I don't know but I've started reading a book called Choose To Be Happy, so I guess its possible. I didn't realize you could choose your thoughts and feelings. I guess if you can control your thought somehow, it affects your feelings.
_Posted via Mobile Device_


----------



## Mavash. (Jan 26, 2012)

I think I can choose to love plenty. It's the like part that gets me hung up. LOL

There are people right now that I absolutely love but I choose for a variety of reasons to keep my distance because either they aren't good for me or I just don't like their behavior.


----------



## 2ntnuf (Jul 14, 2012)

They are separating Love the emotion from Love the action. The other person in the relationship cannot feel what we feel. Therefore, Love is action for them from us. They are calling Love the emotion, infatuation or desire. Love can be redirected as an action verb and the results can be a similar feeling of devotion or dedication which relates to the original feeling of Love. In my opinion, it is a way of protecting your sanity.


----------



## A Bit Much (Sep 14, 2011)

Mavash. said:


> I think I can choose to love plenty. It's the like part that gets me hung up. LOL
> 
> There are people right now that I absolutely love but I choose for a variety of reasons to keep my distance because either they aren't good for me or I just don't like their behavior.


THIS. Liking is much harder than loving IMO. :smthumbup:


----------



## Anonymous07 (Aug 4, 2012)

EnjoliWoman said:


> I've seen this comment around here before - that you can choose to love someone.
> 
> I'm not sure I get that. Or are you saying once you love someone you choose to cultivate that relationship, therefore cultivate the love in the relationship?

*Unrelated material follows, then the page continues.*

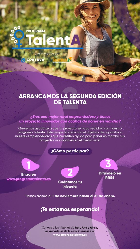 La Federación de Asociaciones de Mujeres Rurales (FADEMUR) y Corteva Agriscience cerrarán el próximo domingo 31 de enero el plazo de recepción de candidaturas a la segunda edición del Programa TalentA, la iniciativa une a ambas entidades con el objetivo de empoderar a las mujeres rurales a través del apoyo a sus proyectos empresariales.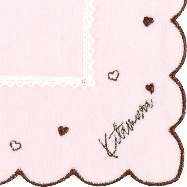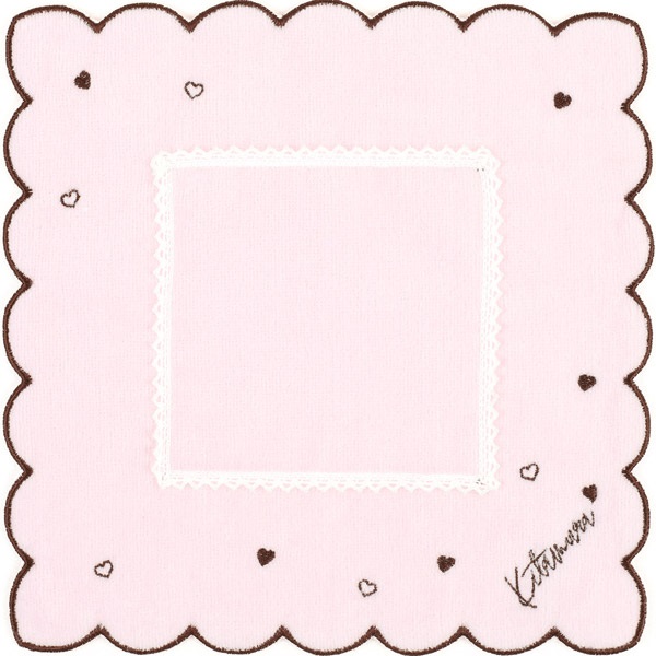 ハート刺繍をちりばめたスカラップカットのタオルハンカチ。中央にはレースをあしらい、可愛らしさをプラスしました。右下に手書き風キタムラロゴ刺繍が入っています。

Many people talk about love as a feeling, but honestly that "feeling" will come and go, and then the word love becomes a verb(an action). People in a long-term committed relationship have to choose to love their significant other, even at the times when they don't necessarily 'like' them(** I am talking about the temporary emotions of not 'liking' the person, not major issues). My husband, at times, can drive me crazy, but I choose to love him anyways. I choose to love him for who he is. All relationships take some work, so you choose how it goes. The grass is greener where you water it.


----------



## 2ntnuf (Jul 14, 2012)

If love is an action word only, and we choose to love someone even when we feel nothing, what is the reason to stay?

A sense of loyalty? A desire to keep a quality of life? A pride in myself which doesn't allow me to break my word? I don't want to hurt my children?

There is no greater loyalty than to oneself.
I can only ever truly be satisfied with my quality of life, if I have achieved it on my own.
Giving my word is based upon a certain amount of knowledge. When that knowledge in increased, I must adjust my word.(divorce)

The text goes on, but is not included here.